• _What is needed_:
Copy out the data below from the line containing "Unterstützt von sechsundzwanzig" to the line containing "- Elegant floral", both lines included, with all images left out.

• _Data provided_:
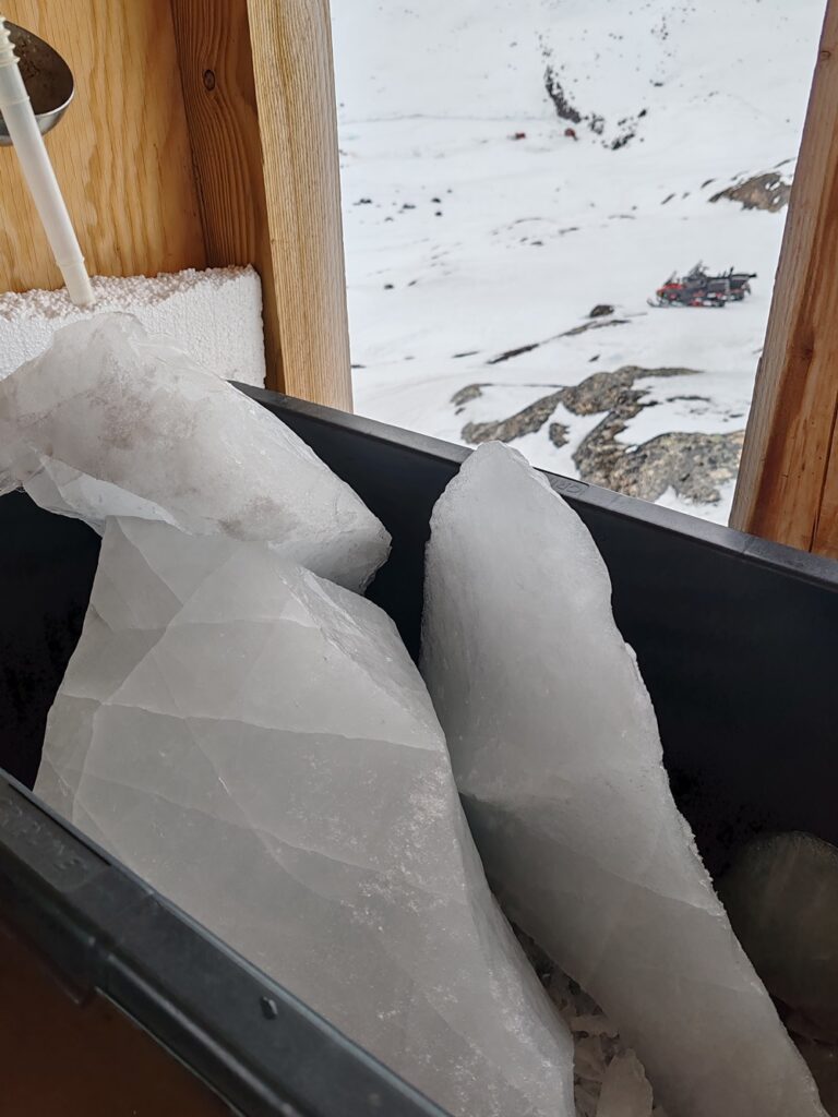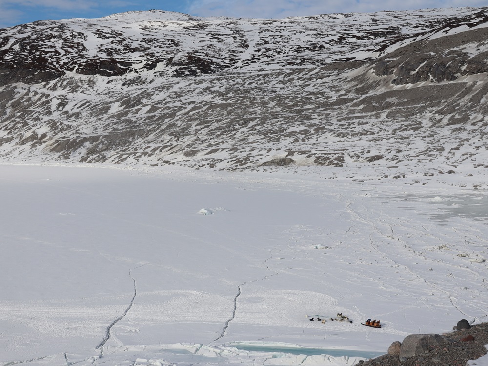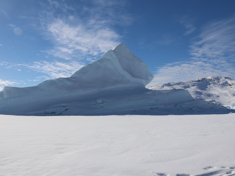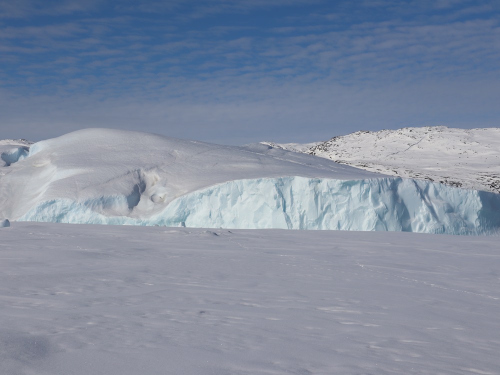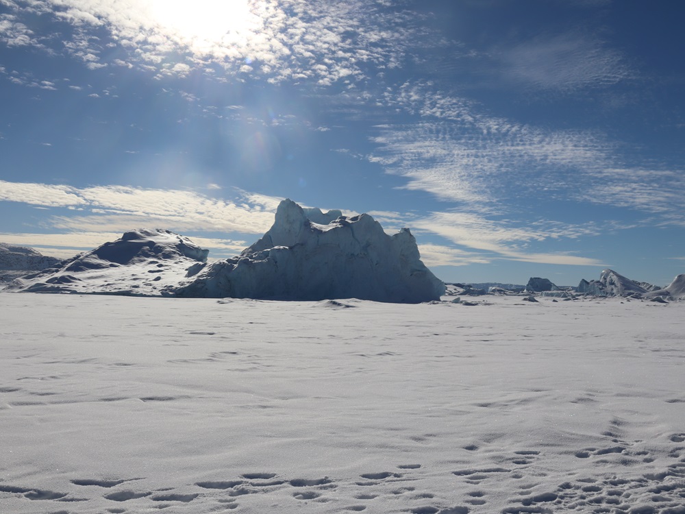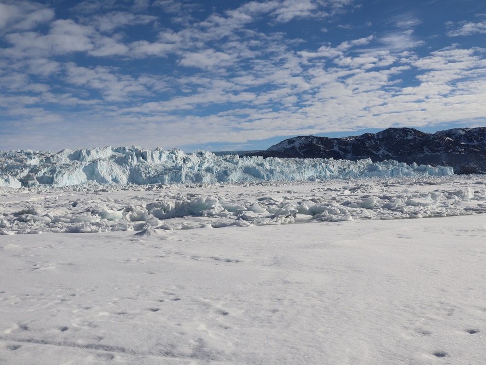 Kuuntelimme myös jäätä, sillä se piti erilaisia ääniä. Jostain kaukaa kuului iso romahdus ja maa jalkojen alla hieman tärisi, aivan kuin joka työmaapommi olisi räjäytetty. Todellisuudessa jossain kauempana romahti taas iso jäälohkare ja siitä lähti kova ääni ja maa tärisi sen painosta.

==

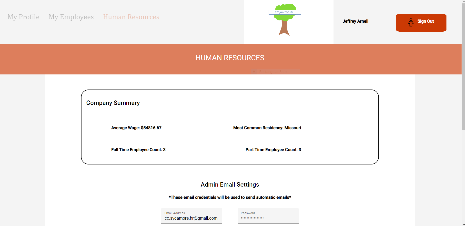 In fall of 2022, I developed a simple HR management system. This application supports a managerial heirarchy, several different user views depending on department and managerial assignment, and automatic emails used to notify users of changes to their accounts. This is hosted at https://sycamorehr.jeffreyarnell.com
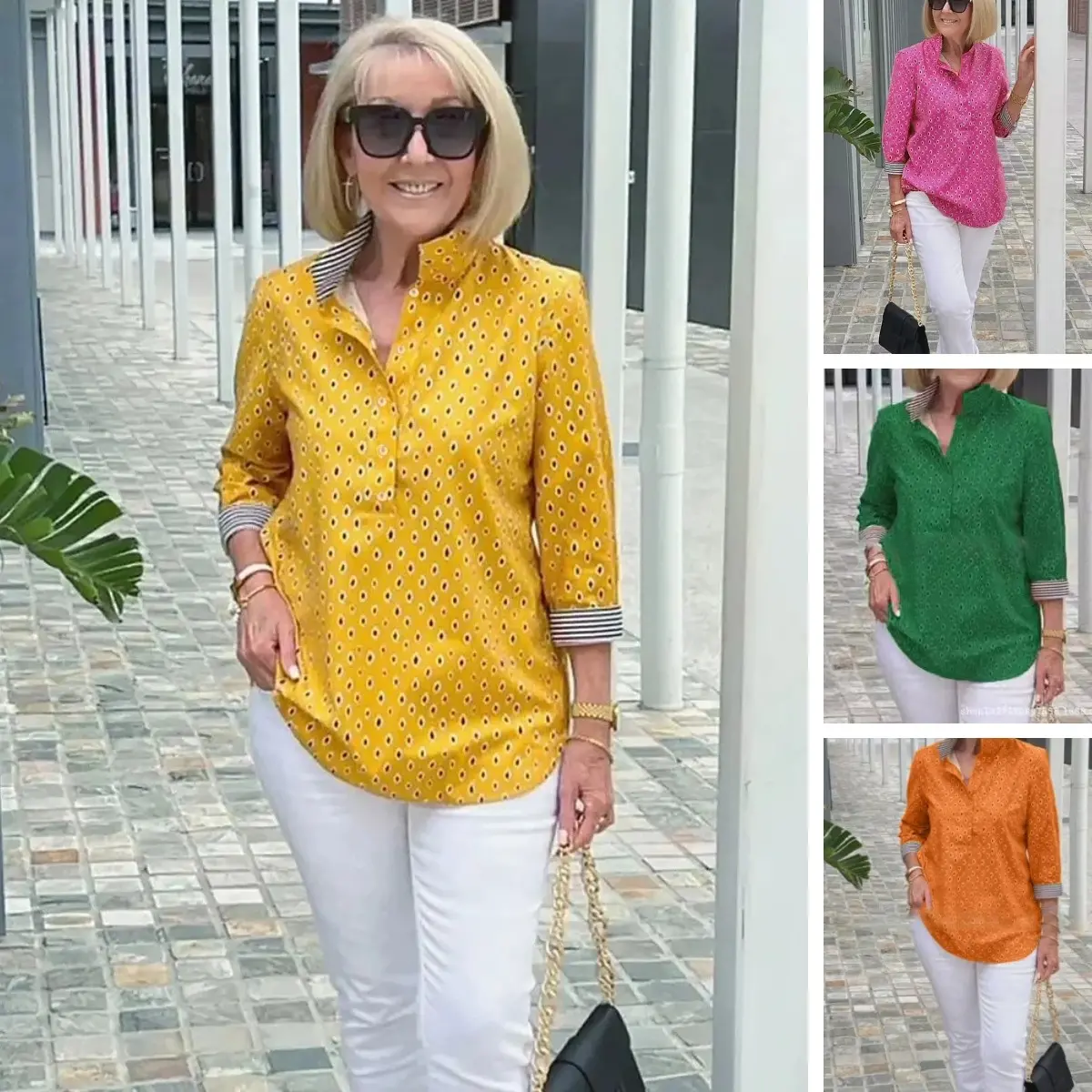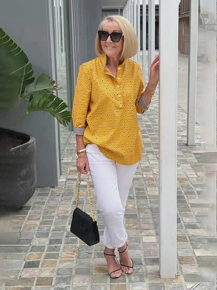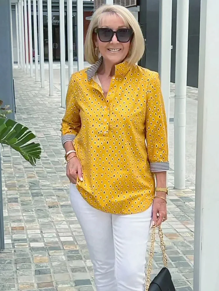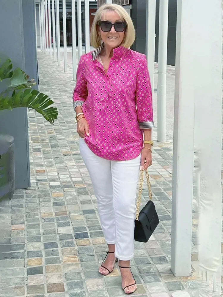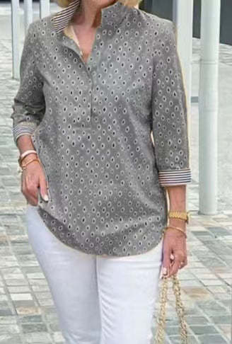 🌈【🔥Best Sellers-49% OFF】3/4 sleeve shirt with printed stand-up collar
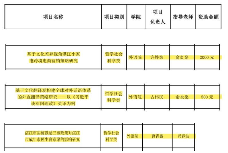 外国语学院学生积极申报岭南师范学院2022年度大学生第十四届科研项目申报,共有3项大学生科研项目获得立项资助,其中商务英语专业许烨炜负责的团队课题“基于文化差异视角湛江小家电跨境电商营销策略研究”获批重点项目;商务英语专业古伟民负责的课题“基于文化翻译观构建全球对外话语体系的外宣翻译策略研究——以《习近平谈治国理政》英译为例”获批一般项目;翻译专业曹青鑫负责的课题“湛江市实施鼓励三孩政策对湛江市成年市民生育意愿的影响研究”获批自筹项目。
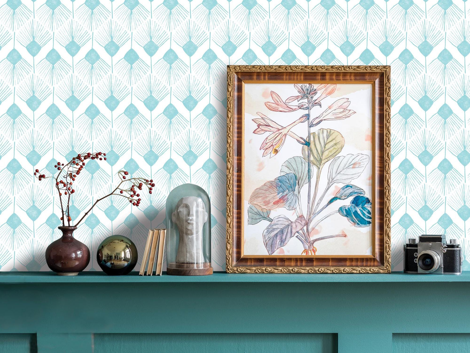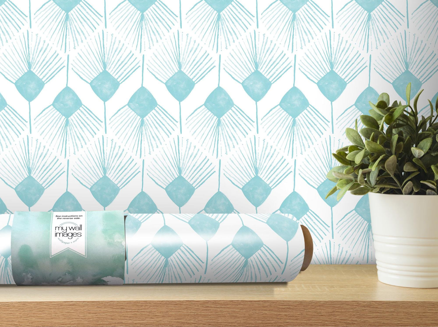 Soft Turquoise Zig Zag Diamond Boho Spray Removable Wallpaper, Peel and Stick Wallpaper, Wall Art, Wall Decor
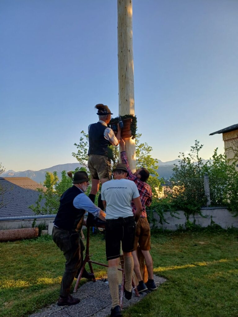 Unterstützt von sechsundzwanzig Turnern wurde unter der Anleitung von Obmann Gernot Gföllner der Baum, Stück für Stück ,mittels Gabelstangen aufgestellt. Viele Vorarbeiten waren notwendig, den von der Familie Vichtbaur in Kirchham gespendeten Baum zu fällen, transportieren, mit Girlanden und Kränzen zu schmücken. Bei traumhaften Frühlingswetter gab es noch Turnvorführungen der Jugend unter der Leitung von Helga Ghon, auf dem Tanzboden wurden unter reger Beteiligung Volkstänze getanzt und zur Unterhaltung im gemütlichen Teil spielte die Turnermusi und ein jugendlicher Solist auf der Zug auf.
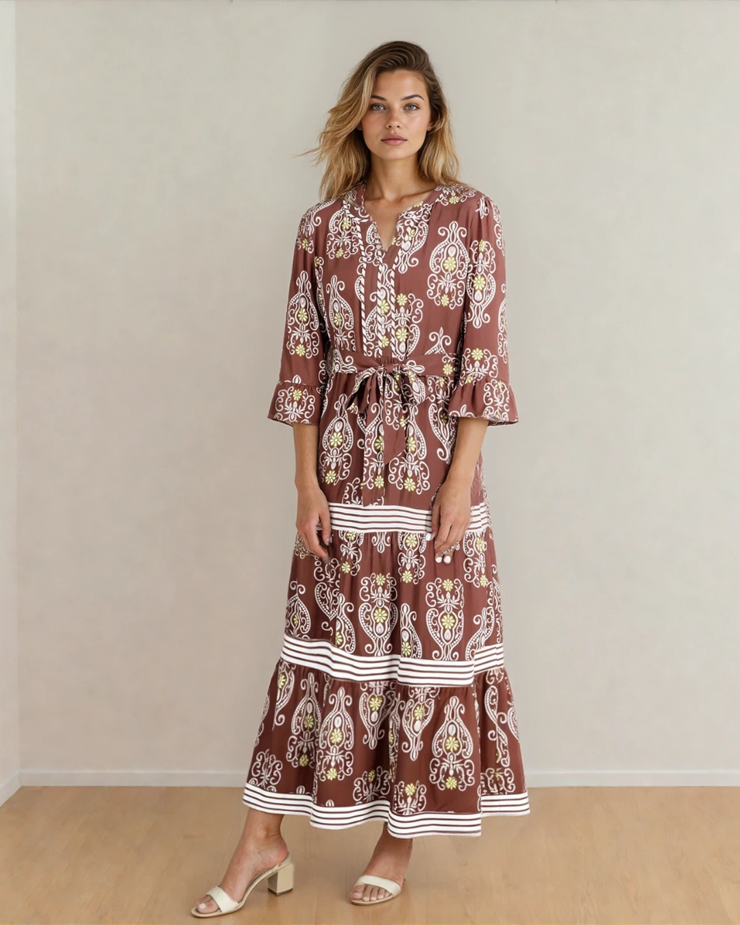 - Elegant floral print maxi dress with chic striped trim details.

• _Task output_:
 Unterstützt von sechsundzwanzig Turnern wurde unter der Anleitung von Obmann Gernot Gföllner der Baum, Stück für Stück ,mittels Gabelstangen aufgestellt. Viele Vorarbeiten waren notwendig, den von der Familie Vichtbaur in Kirchham gespendeten Baum zu fällen, transportieren, mit Girlanden und Kränzen zu schmücken. Bei traumhaften Frühlingswetter gab es noch Turnvorführungen der Jugend unter der Leitung von Helga Ghon, auf dem Tanzboden wurden unter reger Beteiligung Volkstänze getanzt und zur Unterhaltung im gemütlichen Teil spielte die Turnermusi und ein jugendlicher Solist auf der Zug auf.
 - Elegant floral print maxi dress with chic striped trim details.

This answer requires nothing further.